“Finding Your Roots” host Henry Louis Gates, Jr. Credit: Courtesy of McGee Media

Noted historian and Harvard University professor Henry Louis Gates Jr. embarked in January on his eighth season of hosting “Finding Your Roots,” a series that sits down with notable names and takes them on voyages back in time. These aren’t just any voyages back in time though. Gates uses genealogists and DNA experts to find and examine historical records, and analyze genes to uncover whatever secrets they hold about the families of the guests. “Finding Your Roots” gives guests not just the names of their ancestors but in most cases, stories that bring the ancestors to life.

This season, the personal histories examined include Terry Crews, Regina King, Brittany Packnett Cunningham, Tony Danza, Kathryn Hahn, Anita Hill, Nathan Lane, John Leguizamo, Damon Lindelof, Mario Lopez, Leslie Odom Jr., the late André Leon Talley, Pamela Adlon, Erin Burnett, Amy Carlson, Melissa Villaseñor and Lena Waithe.

Season eight kicked off by sitting down with producer, writer, and director Lee Daniels, known for “The Butler,” “Empire,” and “Our Kind of People.” With Gates’ help, he uncovered the reasons behind some of the mysterious silences surrounding his forebears he had always noticed in childhood that no one ever had the courage to address. “The silence stops with me,” Daniels declared after finding out the scandalous details surrounding the mystery.

Rebecca Hall is an actress (“Resurrection”) and director (“Passing”) who was always told there was a great likelihood that there were Black people somewhere in her bloodline but had no proof. It was this assertion that led her to direct the film adaptation of the Harlem Renaissance classic, “Passing” (starring Andre Holland, Ruth Negga, Tessa Thompson) last year. Some things that Hall learns confirm what she always believed, and other revelations show that as many lies as truths may have been passed down in the family lore.

“Law and Order: SVU” actor Raul Esparza and world-renowned chef David Chang were guests on episode two. In their cases, their families fled their homelands for political reasons, Cuba and North Korea, respectively.
Esparza found out that his grandparents were in fact, not the first people in his family to come to America; his great-great grandmother had also left Cuba for America, several generations prior to his grandparents’ arrival, fleeing Castro.

“It’s exciting. It’s making me imagine a whole life I wasn’t aware was even happening back then,” stated Esparza, upon finding out.

Chang also had great curiosity about his ancestors’ homeland which he had never set foot upon and also found out that prior generations of his family had been to the United States. Chang’s great-grandfather had come to the U.S. as a teacher around the turn of the century, something it seems Chang’s own parents were unaware of. “I don’t have any words,” stated Chang, “I mean I have goosebumps!”

Distinguished law professor Anita Hill, who became famous in 1991 for accusing then U.S. Supreme Court Justice nominee Clarence Thomas of sexual harrassment, is one of the guests on episode three. Also on episode three is Brittany Packnett Cunningham, a Black Lives Matter activist, member of President Obama’s Task Force on 21st Century Policing, and cofounder of Campaign Zero, a non-profit that aims to eliminate police violence.

Packnett Cunningham came to “Finding Your Roots” with a definite family mystery that she wanted solved: the enigma of her paternal grandfather. “I literally have only heard one sentence uttered about him…I just want to know who he is,” she told Gates at the beginning of the program. Using DNA from Packnett Cunningham and her mother, they set about trying to solve the mystery. Not only did they find out her grandfather’s name, they found a photo of him, causing

Packnett Cunningham to tear up when she saw it. She also learned her paternal great-great-grandfather fought in the Civil War after having been freed in 1864. “I’m angry they had to fight for a freedom that belonged to them and I’m incredibly proud to know that I come from people who run toward the fight,” she stated.

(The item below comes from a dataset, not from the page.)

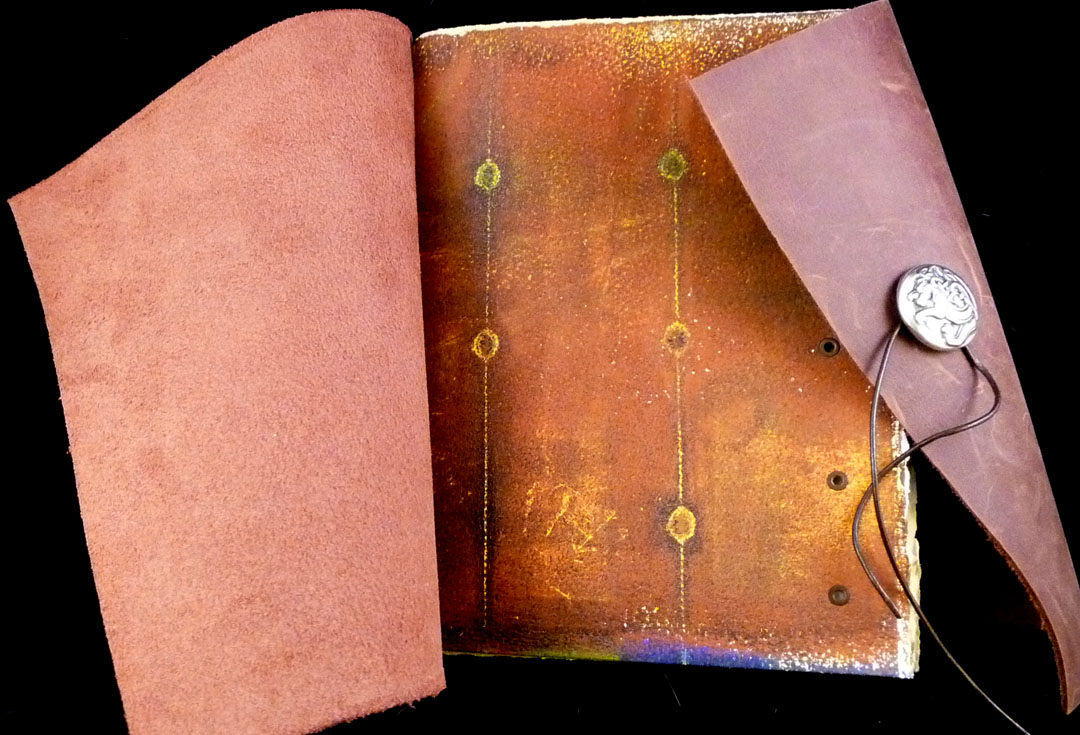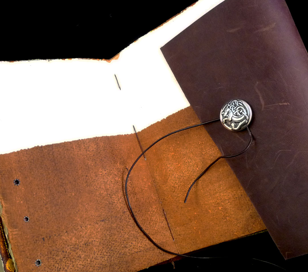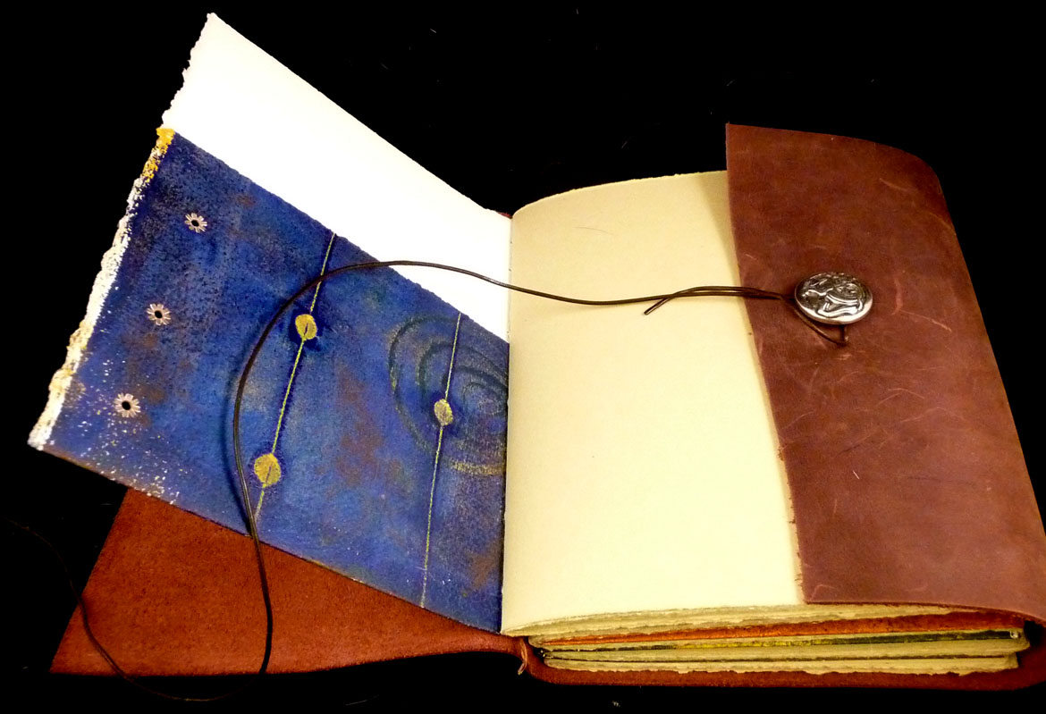 For his gift journal, she crafted a brown leather wrap cover that closes with a silver Celtic dragon ornament, and the inside paper is beautiful ivory. Gina includes touches like pockets and envelopes to hold notes and tickets, and her hand painted divider pages are amazing. It’s a perfect blend of form and function – the thought and craftsmanship she puts into her work is inspiring. Thanks, Gina, this is a treasure.

Hill also wanted to find out who her grandparents were; in her case, on her mother’s side. They found out her grandparents were landowners, through the Homestead Act of 1862, an extraordinary feat for Black people. Stated Hill, “They did what it took, which had to be so very difficult, so this makes me feel so proud. They existed and grabbed this part of citizenship as a right.”

“Finding Your Roots” airs on PBS Tuesdays at 9 p.m.